Muckraking is an exercise in futility. The exposés get published, the authors may or may not get rewarded for their research and risk-taking, the evil-doers might have to slow down. But in due course the evil-doers resume rolling merrily along and the expose achieved nothing. 

Consider the Prozac example. Two years after Eli Lilly began marketing the first “Selective Serotonin Reuptake Inhibitor” antidepressant, St. Martin’s Press — a major publishing house — brought out “Toxic Psychiatry” by Peter Breggin, MD.  The book exposed pro-corporate bias in the FDA drug-approval process and listed the known adverse effects of SSRIs. (There was no data on the long-term risks, obviously.)

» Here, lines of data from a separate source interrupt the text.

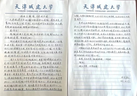 我们一起办了许多活动,也一起走过了和田的许多地方。我们利用20天的课下时间给于田县第二小学的操场进行整面墙的墙绘,给于田县第五幼儿园的教室、墙面、石墩进行环创升级,把在您培养下学到的专业知识运用到日常教学和工作中,留下“天城大式浪漫”的印记;我们和圆梦学姐、唐超学长见面,见到了您长大后的孩子们,同样的在新疆这片热土上挥洒汗水;我们一起过了中秋和国庆,在肆意畅快的联欢会上载歌载舞,在热闹欢腾的食堂二楼一起包饺子、蒸饺子;我们一起去于田县库尔班·吐鲁木纪念馆开展主题实践活动,学习领悟习近平总书记给库尔班大叔的后人的回信精神和库尔班·吐鲁木精神;我们国庆时同升国旗,在距离您三千公里的祖国边疆,见到了一抹亮丽的红,像初升的太阳,也像我们的正在火热燃烧的青春。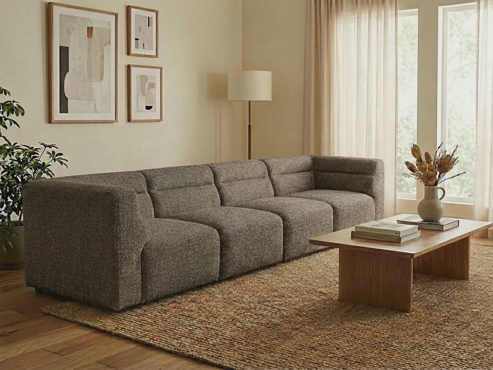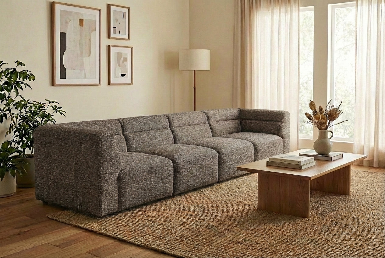 The Atlas 4-Seater Sofa in Pebbles is curated for homeowners, interior designers, and anyone seeking a stylish, functional centerpiece. Its sculptural form, relaxed comfort, and neutral Pebbles upholstery make it a versatile addition to a wide range of living spaces.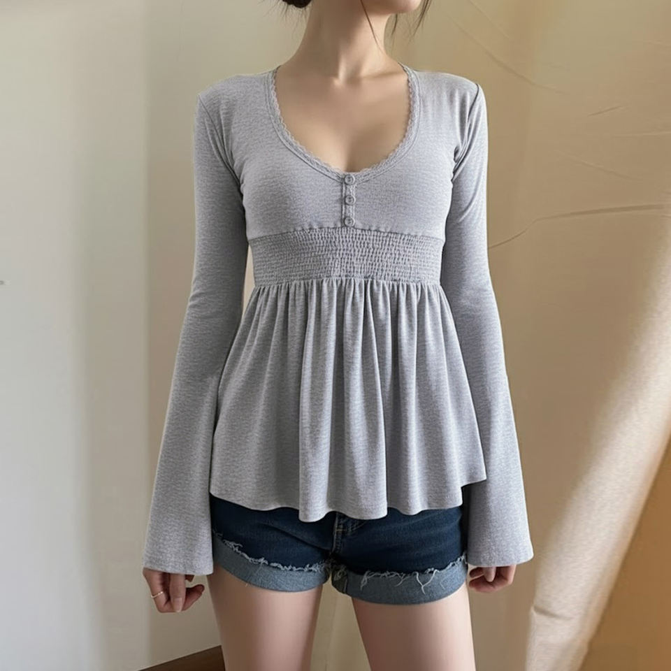 Decoración:Encaje, Botón, Tela de retales, Volantes, Plisado

Breggin was not a lone voice crying in the wilderness. In 1997 Harvard University Press brought out “The Anti-Depressant Era” by David Healy, which exposed how Lilly had covertly been marketing “Clinical Depression” as a widespread medical disorder. (We’d been making this point in the AVA, meaning the alone to the alone). Maybe Breggin and Healy, with their barrage of negative facts and serious warnings, cost Lilly a few sales. But as of 2018, when last the CDC released its data (and before the pandemic pushed rates up) nearly 18% of all adult women in the US were on antidepressants — and just over 8% of men.

“Why Your Antidepressants Seem to Stop Working — and What to Do” was the hed on a recent Wall St. Journal piece. Reporter Andrea Petersen led with the same active voice:  ”You’ve been on the same antidepressant for years. Then suddenly, the medication seems to stop working,” 

For old time’s sake I read on: “Symptoms such as persistent sadness and a loss of interest in favorite activities resurge. Identifying the right solution can be difficult and largely trial-and-error: Some patients may need a higher dose of the same medication, while others may need to try a new drug or a new combination of drugs, doctors say.”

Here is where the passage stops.